Miles de personas dedicadas a la investigación, activistas, líderes comunitarios, representantes de gobierno, personas con VIH, entre otros personajes, asistieron a la 22ª Conferencia Internacional sobre el SIDA (AIDS 2018). Uno de los objetivos primordiales de esta conferencia fue presentar los hallazgos de investigaciones recientes y promover y mejorar las colaboraciones científicas y comunitarias globales en sinergia con otros sectores de salud y desarrollo.

Conferencias como estas pretenden que los aprendizajes sean replicados en los distintos países.

Conferencias como estas pretenden que los aprendizajes sean replicados en los distintos países, por ello, conversamos sobre las discusiones y nuevas evidencias con Anuar Luna, coordinador técnico de la Plataforma LAC de la Iniciativa Estratégica de Comunidad, Género y Derechos del Fondo Mundial,  Luis Adrián Quiroz, coordinador general de Derechohabientes Viviendo con VIH del IMSS, Defensor de DDHH, Angélica Ospina, doctora en Estudios de Población y especialista en reducción de daños con personas que se inyectan drogas en el norte de México; Ricardo Baruch, Miembro de la Red GayLatino; Miguel Corral, doctorante en Estudios Latinoamericanos y co-presidente del Comité Binacional de VIH, SIDA e ITS San Diego-Tijuana. Todos ellos comentaron sobre 1) temas principales durante la Conferencia, 2) su posible implementación en México y 3) el papel del nuevo gobierno mexicano en la respuesta ante el VIH.

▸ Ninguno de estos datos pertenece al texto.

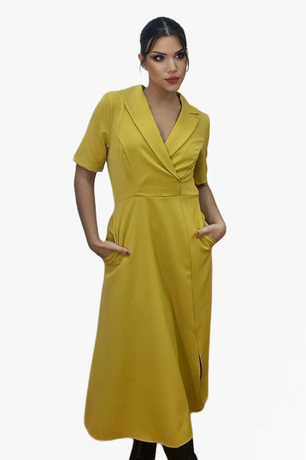 Este vestido camisero de corte midi combina comodidad y estilo en una prenda perfecta para el día a día o para ocasiones especiales. Con cintura elástica que se adapta a tu figura, bolsillos laterales y una favorecedora abertura en la pierna para un extra de movimiento y sofisticación. Incluye cremallera trasera oculta para un ajuste perfecto.
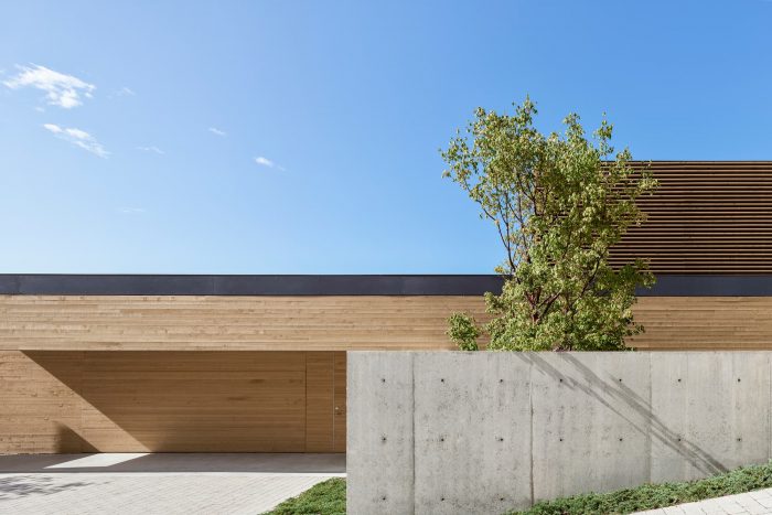 This volume is strategically shifted toward the street so that the monolithic façade at the south elevation conveys a sense of privacy when viewed from the street. Meanwhile, lowered window heads visually reduce the house’s massing from the water’s edge to give it the appearance of a single-story volume following the client’s appreciation for mid-century aesthetics.
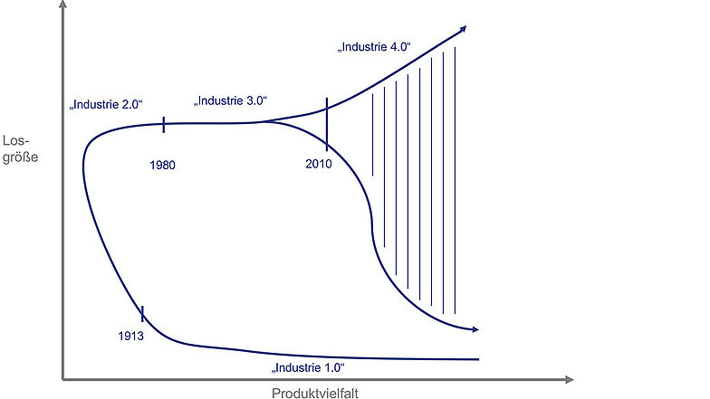 Die digitale Ära setzt zwei wesentliche Trends in Gang: Zum einen entstehen immer größere Betriebe, die durch Skaleneffekte bei geringer Produktvielfalt wirtschaftlich produzieren. Zum anderen differenzieren sich kleinere und flexiblere Werkstätten aus, die ihre Produktionsanlagen teils sogar für jeden Kunden individuell anpassen (Abbildung 1). In diesem Kontinuum möglicher Wertschöpfungskonstellationen entstehen für die Betriebe vielfältige Optionen, sich mithilfe digitalisierter Prozesse schneller an die sich wandelnden Anforderungen der Kunden anzupassen. Gleichzeitig wächst aber auch der Kostendruck aufgrund des globalisierten und kompetitiven Marktes. Wer frühzeitig in Automatisierung investiert, kann seine Fertigung zukunftssicher aufstellen und Effizienzgewinne schnell in Wettbewerbsvorteile umsetzen.
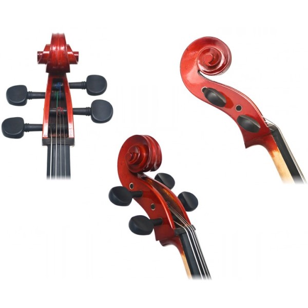 Violoncello para principiantes Kreisler Beginner. Perfecto para estudiantes que están empezando a descubrir el mundo de la música, fabricado para que se adapte con la mayor cómodidad y sea posible sacar un sonido ideal, gracias a las maderas utilizadas en su fabricación (Madera sólida. Diapasón de ébano. Cordal metálico con afinadores). Incluye también un arco y un estuche acolchado.
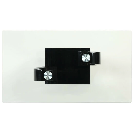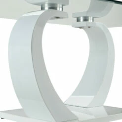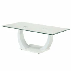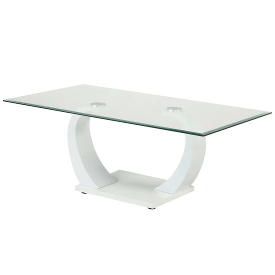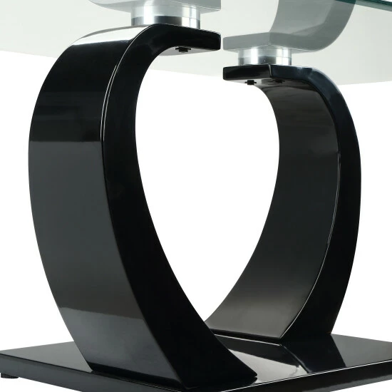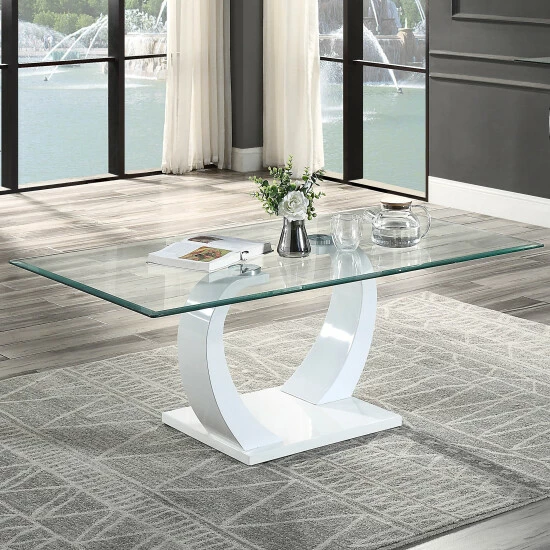 Graceful curves create an elegant, sculpted look for this contemporary glass coffee table. A beveled edge complements the clear glass tabletop, ensuring airy appeal in your living room. The wave-like double pedestal base adds a sleek, glossy finish for a clean, sophisticated presentation.

Los avances en la prevención

Acerca de la prevención del VIH, se comenta que hay un crecimiento de evidencia científica sobre el impacto del tratamiento antirretroviral (ARV) en personas con VIH y como la  carga viral indetectable disminuye significativamente la posibilidad de transmitir el. Se mostraron nuevos resultados sobre la eficacia de la profilaxis pre y post exposición (PrEP y PEP), y nuevos datos sobre su implementación en programas orientados a poblaciones clave.

Esto es relevante para México, ya que en el país no se ha implementado ninguna estrategia desde el Centro Nacional para la Prevención y Control del VIH y el sida (CENSIDA) y urge iniciar la discusión para su implementación. Hoy en día existen dos protocolos en el país (uno en el Instituto Nacional de Enfermedades Respiratorias y otro en la Clínica Condesa, ambos en la Ciudad de México) por lo que, a partir de sus resultados, en caso de ser positivos, esperaríamos un pronto avance en que la PrEP sea una realidad en nuestro país.

En México se vive el desmantelamiento del Programa Nacional de Tuberculosis, como resultado de la crisis nacional.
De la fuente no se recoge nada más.